Brantley’s timeline is of particular note given that the Indians hold a club option over him for the 2018 season. As MLB.com’s Jordan Bastian points out (via Twitter), Brantley’s third-place finish in the 2014 American League MVP voting boosted the value of that option from $11MM to $12MM, though the $1MM buyout price remains unchanged. That option long appeared a virtual lock to be exercised, but Brantley’s durability issues in recent years will at least somewhat cloud the possibility given the team’s relatively tight payroll capacity. After the season, president of baseball operations Chris Antonetti told reporters that the team has envisioned Brantley as part of the organization not only in 2018 but beyond (Twitter link via Ryan Lewis of the Akron Beacon Journal).

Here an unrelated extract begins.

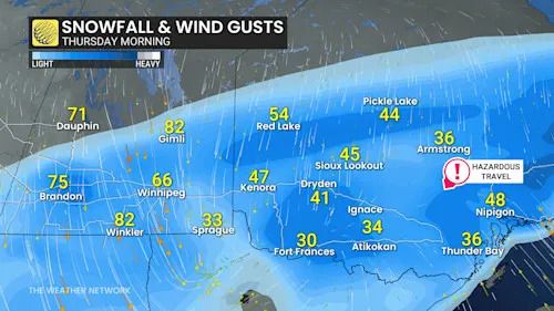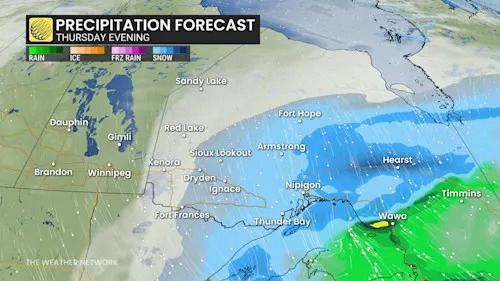 By Wednesday evening, snow will move into northwestern Ontario, with heavy snow starting in the Kenora and Dryden area. Overnight into Thursday, snowfall intensifies from Thunder Bay to Kapuskasing, with rates of 2 cm per hour expected.

The 30-year-old Brantley suffered a severe shoulder injury while diving for a ball in left field late in the 2015 season and ultimately required a pair of shoulder surgeries. He was limited to just 11 games and 43 plate appearances in 2016, though he did return with a considerably healthier and more productive campaign in 2017. This past season, Brantley took the field for 90 games and hit .299/.357/.444 with nine homers and 11 steals in 375 plate appearances. His shoulder held up throughout the year, but he still missed nearly half the season due to the ankle issue that necessitated yesterday’s surgical procedure.
Certainly, the upside of a fully healthy Brantley is enormous. The former seventh-round pick broke out as one of baseball’s best pure hitters in 2014-15, and a one-year commitment worth $12MM would represent a clear bargain. However, the Indians already have a bit more than $73MM committed to next year’s payroll plus another roughly $33MM worth of projected arbitration salaries. Adding Brantley’s $12MM to the books would bring next year’s projected payroll to a fairly hefty $118MM before the team even began to address any offseason needs. Cleveland’s payroll this season opened at $124MM and came in around $133MM in total, but the team also had a bit of added revenue from last year’s deep World Series run — a benefit they obviously won’t enjoy this year.

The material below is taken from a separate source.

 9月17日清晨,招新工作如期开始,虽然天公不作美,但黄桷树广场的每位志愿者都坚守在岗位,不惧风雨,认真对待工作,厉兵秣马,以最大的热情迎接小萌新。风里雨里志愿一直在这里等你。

[Related: Cleveland Indians payroll outlook]
Bastian has written that the Indians could explore the possibility of shifting Brantley from the outfield to first base, and doing so would cross off one notable offseason need while also allowing for the possibility of Jason Kipnis playing left field, Bradley Zimmer manning center, Jose Ramirez handling second base and Yandy Diaz slotting in at the hot corner. It would also mean less running and diving for Brantley, which could bode well for the health of both his ankle and his shoulder.
On the other hand, buying out Brantley’s option would leave the Indians with a bit more offseason maneuverability as they look to address potential holes at first base/DH and potentially in the corner outfield and the bullpen. The team has until three days after the conclusion of the World Series to ultimately make a call on Brantley’s option, but that decision certainly looks more complicated in light of a significant operation and a potential five-month recovery period.

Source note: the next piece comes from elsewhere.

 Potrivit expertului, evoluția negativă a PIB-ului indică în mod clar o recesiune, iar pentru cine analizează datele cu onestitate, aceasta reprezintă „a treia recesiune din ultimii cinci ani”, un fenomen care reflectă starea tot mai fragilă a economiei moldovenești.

The Indians’ ALDS loss to the Yankees may well go down as Carlos Santana’s last hurrah in Cleveland, an organization he has been a member of since 2008. The soon-to-be 32-year-old is slated to reach free agency next month and has the credentials to rake in one of the richest paydays of the offseason. It’s possible Santana’s next contract will come from the Tribe, of course, but the small-market club is only a year removed from handing fellow first baseman/designated hitter Edwin Encarnacion a substantial deal. The Indians could opt for a cheaper free agent to replace Santana, then, or perhaps they’ll turn to someone already on their talent-rich roster for aid.
If Santana has played his last game as an Indian, the Octagon client’s void will be a difficult one for the team to fill. Not only is he a switch-hitter who has consistently provided above-average offensive production from both sides of the plate dating back to his 2010 debut, but Santana has also been quite durable. Since 2011, his first full season, Santana has appeared in no fewer than 143 games in any individual campaign. He played in 154 games this year, giving him six seasons with at least 150 appearances.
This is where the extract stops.